Где некий храм струился в небеса,
теперь там головешки, кучки кала
и узкая канала полоса,
где Вытегра когда-то вытекала
из озера. Тихонечко бася,
ползет буксир. Накрапывает дрема.
Последняя на область колбаса
повисла на шесте аэродрома.
Пилот уже с утра залил глаза
и дрыхнет, завернувшись в плащ-палатку.
Сегодня нам не улететь. Коза
общипывает взлетную площадку.
Спроси пилота, ну зачем он пьет,
он ничего ответить не сумеет.
Ну, дождик. Отменяется полет.
Ну, дождик сеет. Ну, коза не блеет.

Коза молчит и думает свое,
и взглядом, пожелтелым от люцерны,
она низводит наземь воронье,
освобождая небеса от скверны,
и тут же превращает птичью рать
в немытых пэтэушников команду.
Их тянет на пожарище пожрать,
пожарить девок, потравить баланду.
Как много их шагает сквозь туман,
бутылки под шинелками припрятав,
как много среди юных россиян
страдающих поносом геростратов.
Кто в этом нас посмеет укорить —
что погорели, не дойдя до цели.

Пилот проснулся.
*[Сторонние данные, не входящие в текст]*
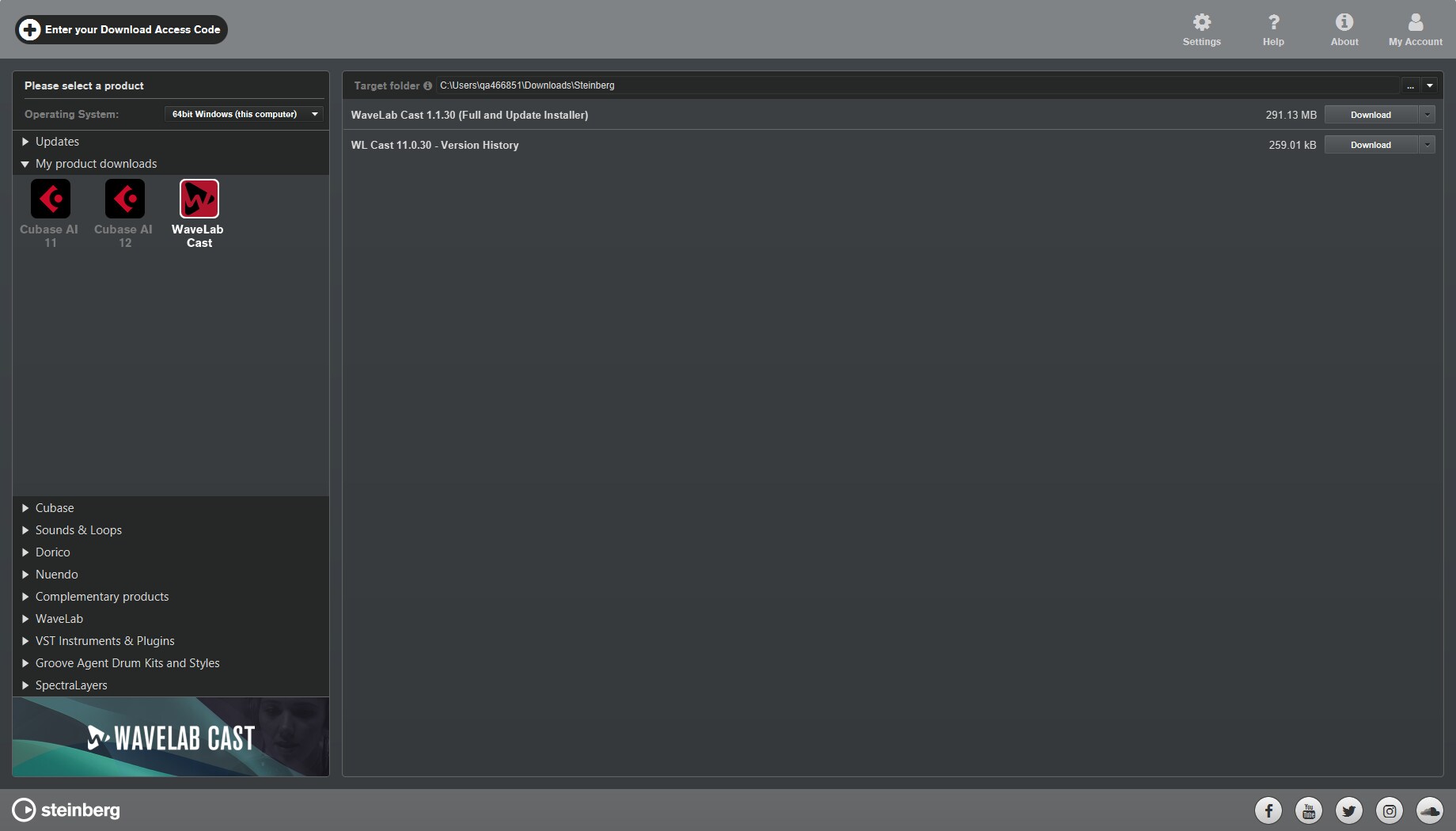 Cubase AI 및 WaveLab Cast를 다운로드 및 활성화하려면 Steinberg Download Assistant를 사용하십시오.
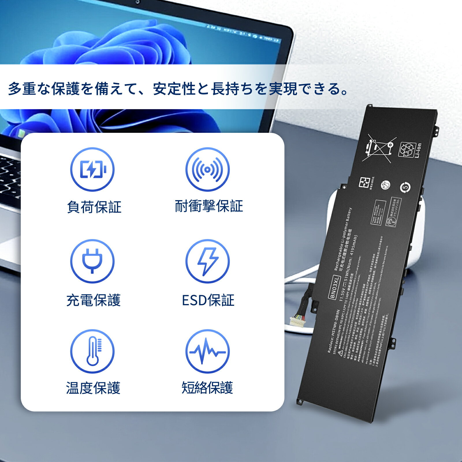 【1050円OFF&P10倍】新品 HP BN03XL 互換バッテリー【4195mAh 11.55V】対応用 1年保証 高性能 PSE認証 互換バッテリパック YCU 359 2025CU-XIJPA
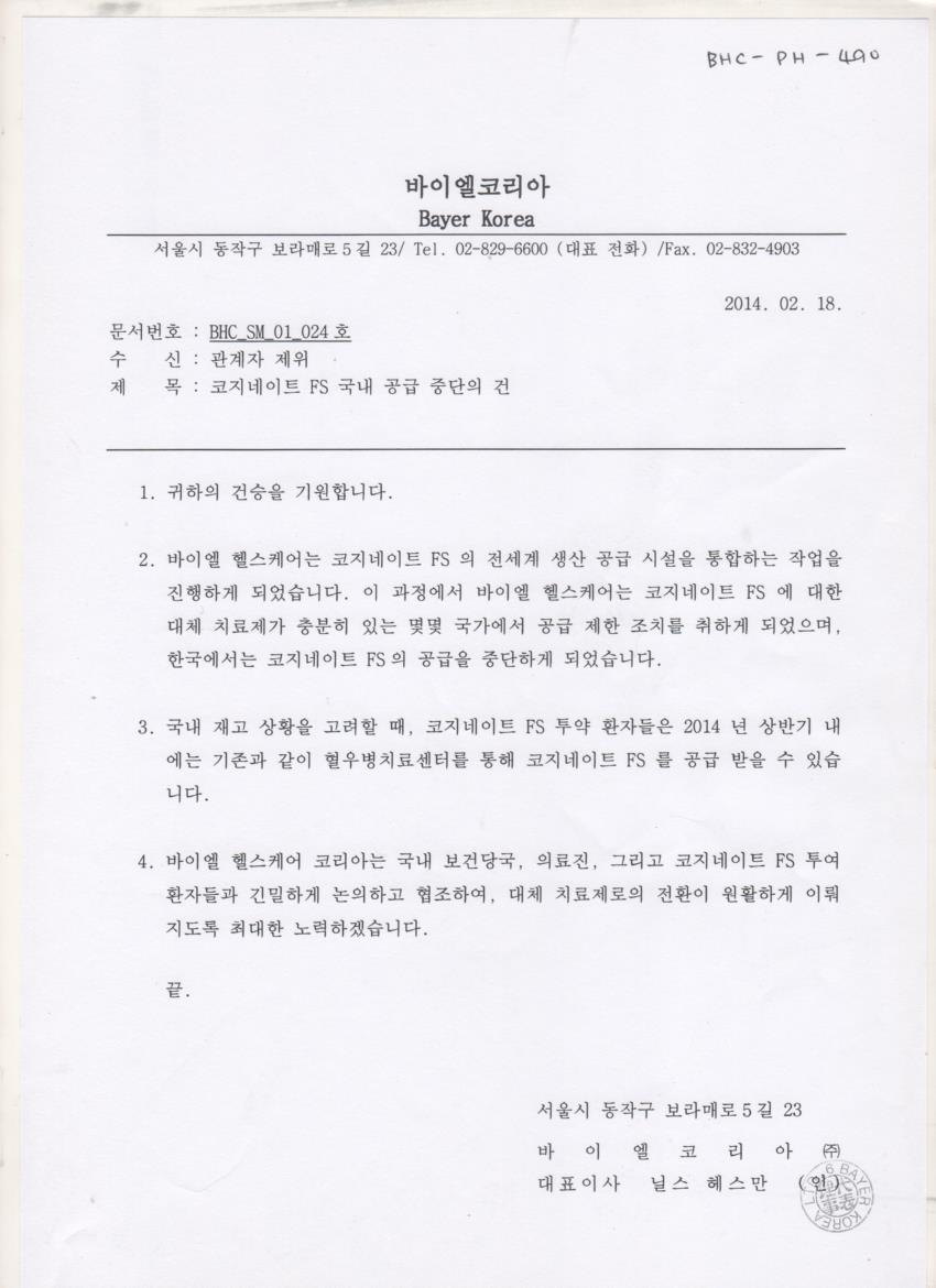 또 "이번 코지네이트-FS 의 공급 중단 사태를 놓고 글로벌 바이엘 본사에서 바이엘 코리아에 대한 내부감사 결과에 따른 조치라는 의혹이 일고 있다."고 피력했다.

Хочется курить.
Есть беломор. Но спички отсырели.

.
* * *
…в «Костре» работал. В этом тусклом месте,
вдали от гонки и передовиц,
я встретил сто, а может быть, и двести
прозрачных юношей, невзрачнейших девиц.
Простуженно протискиваясь в дверь,
они, не без нахального кокетства,
мне говорили: «Вот вам пара текстов».
Я в их глазах редактор был и зверь.
Прикрытые немыслимым рваньем,
они о тексте, как учил их Лотман,
судили как о чем-то очень плотном,
как о бетоне с арматурой в нем.
Все это были рыбки на меху
бессмыслицы, помноженной на вялость,
но мне порою эту чепуху
и вправду напечатать удавалось.

Стоял мороз. В Таврическом саду
закат был желт и снег под ним был розов.
О чем они болтали на ходу,
подслушивал недремлющий Морозов,
тот самый, Павлик, сотворивший зло.
С фанерного портрета пионера
от холода оттрескалась фанера,
но было им тепло.
И время шло.
И подходило первое число.
И секретарь выписывал червонец.
И время шло, ни с кем не церемонясь,
и всех оно по кочкам разнесло.
Те в лагерном бараке чифирят,
те в Бронксе с тараканами воюют,
те в психбольнице кычат и кукуют,
и с обшлага сгоняют чертенят.

Дурные рифмы. Краденые шутки.
Накушались. Спасибо. Как бобы
шевелятся холодные в желудке.

Смеркается. Пора домой. Журнал
московский, что ли, взять как веронал.
Там олух размечтался о былом,
когда ходили наши напролом
и сокрушали нечисть помелом,
а эмигранта отдаленный предок
деревню одарял полуведром.
Крути, как хочешь, русский палиндром
барин и раб, читай хоть так, хоть эдак,
не может раб существовать без бар.
Сегодня стороной обходим бар…
Там хорошо. Там стелется, слоист,
сигарный дым. Но там сидит славист.
Опасно. До того опять допьюсь,
что перед ним начну метать свой бисер
и от коллеги я опять добьюсь,
чтоб он опять в ответ мне пошлость…
«Ирония не нужно казаку,
you sure could use some domestication*,
недаром в вашем русском языку
такого слова нет — sophistication»**.
Есть слово «истина». Есть слово «воля».
Есть из трех букв — «уют». И «хамство» есть.
Как хорошо в ночи без алкоголя
слова, что невозможно перевесть,
бредя, пространству бормотать пустому.
На слове «падло» мы подходим к дому.

Дверь за собой плотней прикрыть, дабы
в дом не прокрались духи перекрестков.
В разношенные шлепанцы стопы
вставляй, поэт, пять скрюченных отростков.
Еще проверь цепочку на двери.
Приветом обменяйся с Пенелопой.
Вздохни. В глубины логова прошлепай.
И свет включи. И вздрогни. И замри
…А это что еще такое?

А это — зеркало, такое стеклецо,
чтоб увидать со щеткой за щекою
судьбы перемещенное лицо.

* you sure could use some domestication — «уж вам бы пошло на пользу малость дрессировки» (англ.).

** sophistication — очень приблизительно: «изысканность» (англ.).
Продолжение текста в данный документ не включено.